2024年9月26日
《SDGsカンパニー(52)》脱炭素で地域けん引 冬木工業(高崎市栄町)▪上毛新聞(2024/09/26)より
総合建設と鉄骨製造を展開する冬木工業(高崎市栄町)は、持続可能な社会の実現に向けた企業経営「サステナビリティ・トランスフォーメーション(SX)」を2022年11月から推進し、本県をけん引する環境先進企業を目指す。
最重要課題として取り組んでいるのが、温室効果ガス排出量を実質ゼロにする「カーボンニュートラル」だ。23年12月に玉村工場敷地内に太陽光パネルを設置するなど二酸化炭素(CO2)排出量の削減策を徹底。23年度の本社や各工場など全体の排出量は、前年度比約40トン削減した。
同年1月からは、建設現場における重機のCO2排出量の可視化に取り組む。同社の現場担当者が毎日、各重機の稼働状況を確認。
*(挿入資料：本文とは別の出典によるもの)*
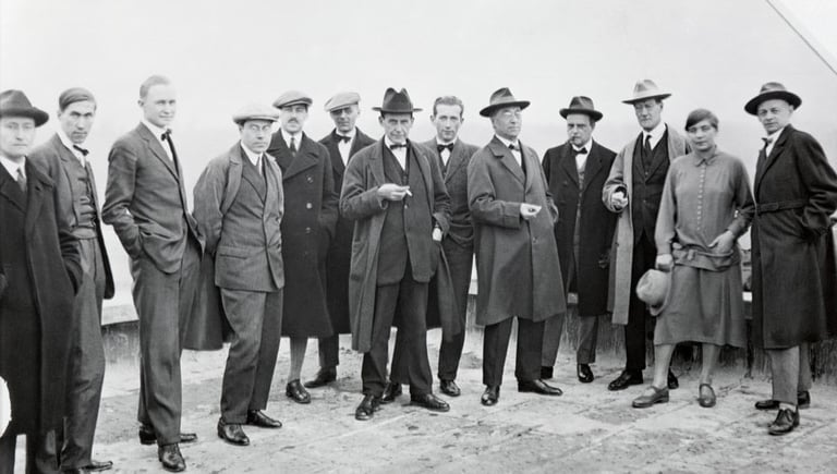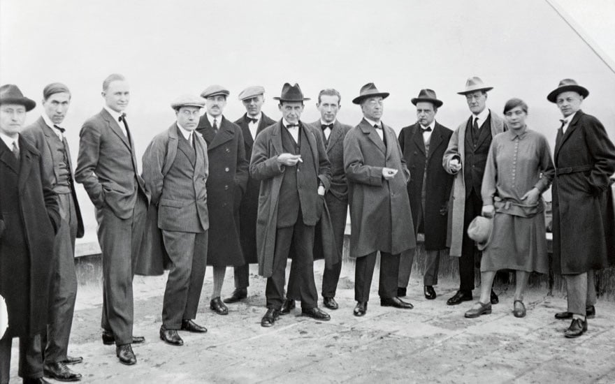 包浩斯藝術家合照,左三為喬治· 莫奇(Georg Muche, 1895~1987),圖片來源:網路資料

1時間当たりの燃料消費率や稼働時間などから1日の排出量を算出する。また、産業廃棄物における排出量も算出。いずれも環境省などの資料を根拠としており、データを蓄積し、CO2や廃棄物を削減するために無駄のない効率的な作業の検証を進める。
同年2月にNTT東日本群馬支店(高崎市)、NTTDXパートナー(東京都)のNTTグループ2社とSX推進協定を締結。冬木工業が施工し8月に完成した有坂中央学園(前橋市)の高崎市内の新校舎では、柱や梁(はり)に製造工程でCO2の排出量をゼロとみなす日本製鉄(東京都)の鉄骨資材を活用した。他企業と連携しながら脱炭素化の取り組みを強化している。
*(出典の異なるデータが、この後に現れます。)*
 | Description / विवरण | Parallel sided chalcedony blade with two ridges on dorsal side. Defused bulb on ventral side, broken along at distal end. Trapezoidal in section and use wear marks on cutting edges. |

大竹良明社長(64)は「地方の中小企業も率先して行動していかないと、持続可能な開発目標(SDGs)のような世界的目標は達成できない。社員一人一人の意識や行動が変わっていくこと、当社の取り組みが地域に少しずつ広がることが重要だと考えている」と先を見据えている。
【企業データ】1927年創業。資本金8千万円。従業員167人。働きやすい環境に向けて育休取得率は男女ともに100%。